*Aim of the exercise*:
Send back the line that contains "Gya Labs Tamanu" and all lines following it through the end of the data below, exactly, omitting pictures.

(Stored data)
:::
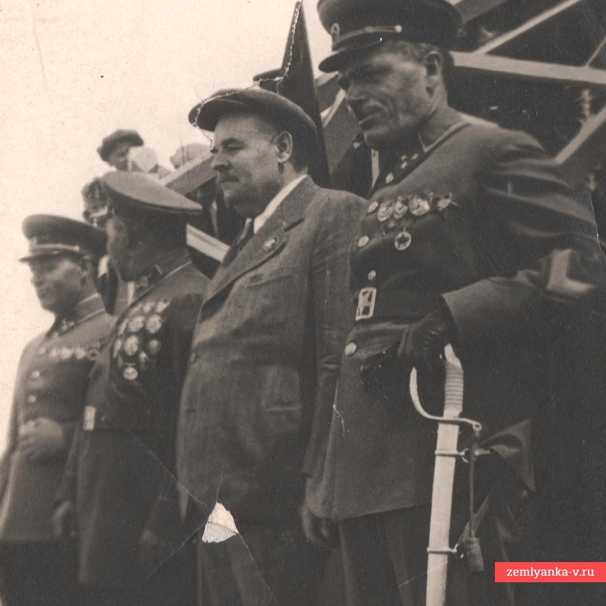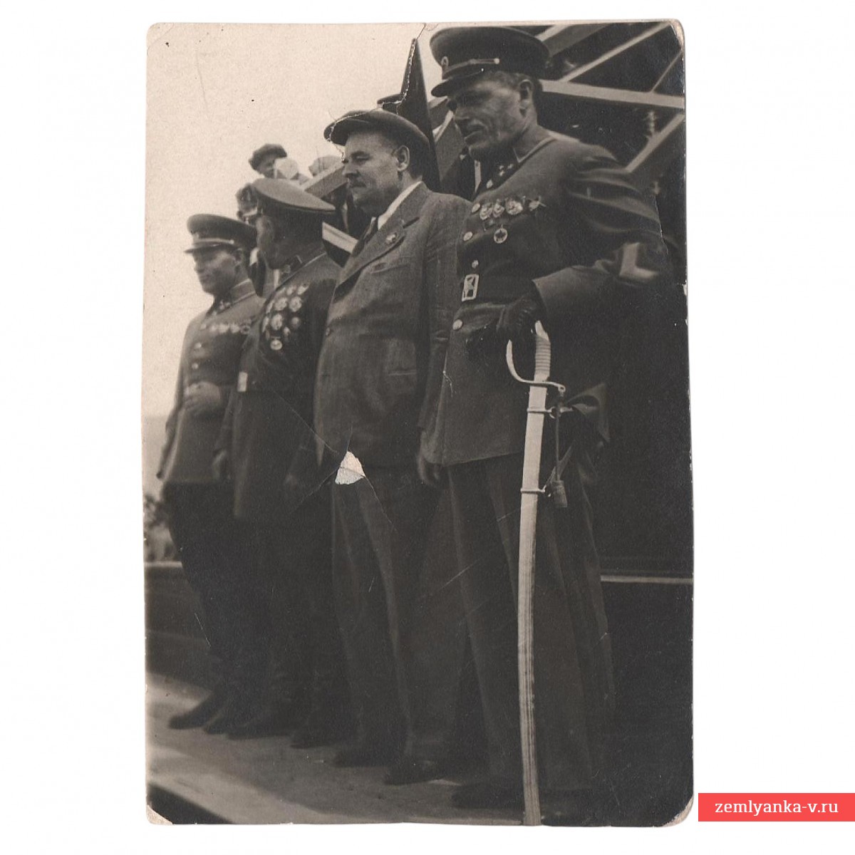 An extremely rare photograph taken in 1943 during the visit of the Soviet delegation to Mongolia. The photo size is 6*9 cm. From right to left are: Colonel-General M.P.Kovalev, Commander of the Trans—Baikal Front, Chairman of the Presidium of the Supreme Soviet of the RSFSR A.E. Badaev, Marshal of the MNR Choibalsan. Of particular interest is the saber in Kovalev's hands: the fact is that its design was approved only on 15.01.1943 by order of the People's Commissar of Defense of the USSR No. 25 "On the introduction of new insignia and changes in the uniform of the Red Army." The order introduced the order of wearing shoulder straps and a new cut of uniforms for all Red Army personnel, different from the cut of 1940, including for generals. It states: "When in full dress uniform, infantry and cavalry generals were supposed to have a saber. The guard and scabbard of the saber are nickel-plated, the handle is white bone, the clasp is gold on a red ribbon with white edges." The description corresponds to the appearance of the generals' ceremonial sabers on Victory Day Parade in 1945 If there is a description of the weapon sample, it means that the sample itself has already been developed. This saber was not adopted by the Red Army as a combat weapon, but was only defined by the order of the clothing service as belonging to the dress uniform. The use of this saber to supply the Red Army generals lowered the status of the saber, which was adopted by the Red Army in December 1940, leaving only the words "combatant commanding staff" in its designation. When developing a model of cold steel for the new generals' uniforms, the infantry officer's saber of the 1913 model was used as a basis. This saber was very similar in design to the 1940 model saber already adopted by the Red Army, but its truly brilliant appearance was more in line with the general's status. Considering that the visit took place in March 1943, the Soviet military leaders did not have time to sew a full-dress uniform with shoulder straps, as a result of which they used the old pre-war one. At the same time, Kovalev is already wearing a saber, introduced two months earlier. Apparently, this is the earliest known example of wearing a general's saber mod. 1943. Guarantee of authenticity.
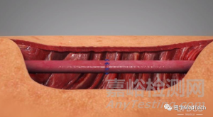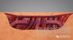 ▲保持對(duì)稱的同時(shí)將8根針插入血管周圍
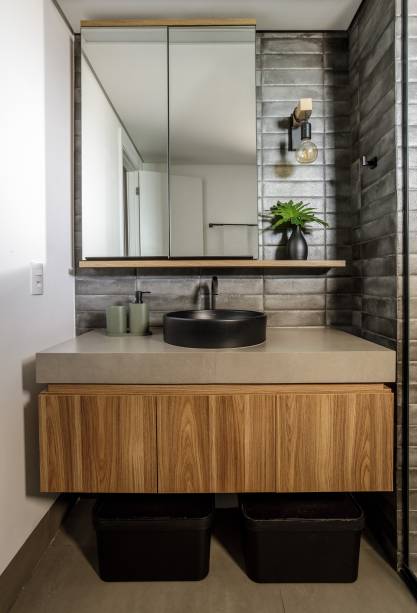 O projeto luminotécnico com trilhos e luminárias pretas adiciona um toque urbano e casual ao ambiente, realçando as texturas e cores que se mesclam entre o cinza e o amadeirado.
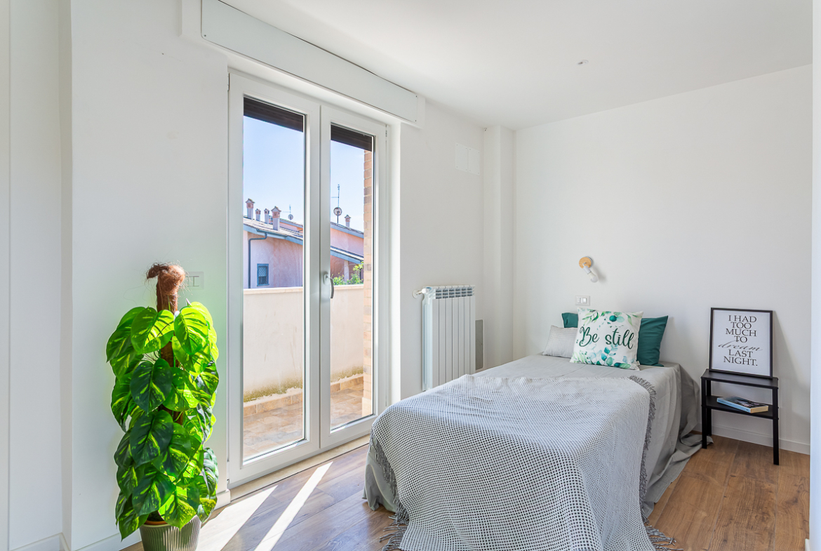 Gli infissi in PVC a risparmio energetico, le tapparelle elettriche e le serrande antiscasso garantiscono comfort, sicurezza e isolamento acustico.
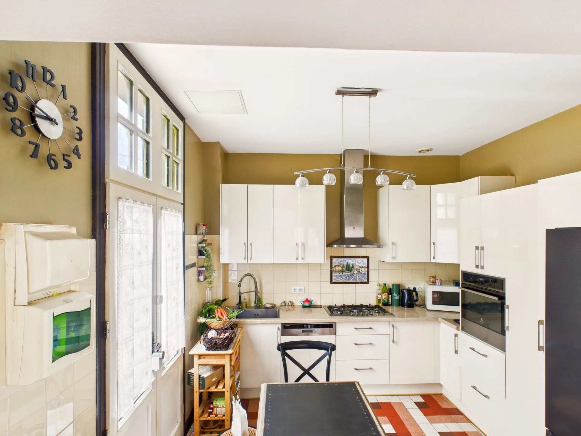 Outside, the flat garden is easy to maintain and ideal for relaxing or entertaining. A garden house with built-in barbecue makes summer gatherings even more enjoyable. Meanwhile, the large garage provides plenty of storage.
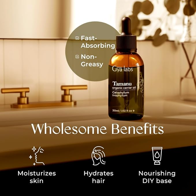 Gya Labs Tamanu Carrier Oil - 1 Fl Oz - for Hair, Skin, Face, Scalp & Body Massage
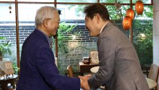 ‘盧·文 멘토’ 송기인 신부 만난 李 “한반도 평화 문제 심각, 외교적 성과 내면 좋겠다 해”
:::
*Expected answer*:
 Gya Labs Tamanu Carrier Oil - 1 Fl Oz - for Hair, Skin, Face, Scalp & Body Massage
 ‘盧·文 멘토’ 송기인 신부 만난 李 “한반도 평화 문제 심각, 외교적 성과 내면 좋겠다 해”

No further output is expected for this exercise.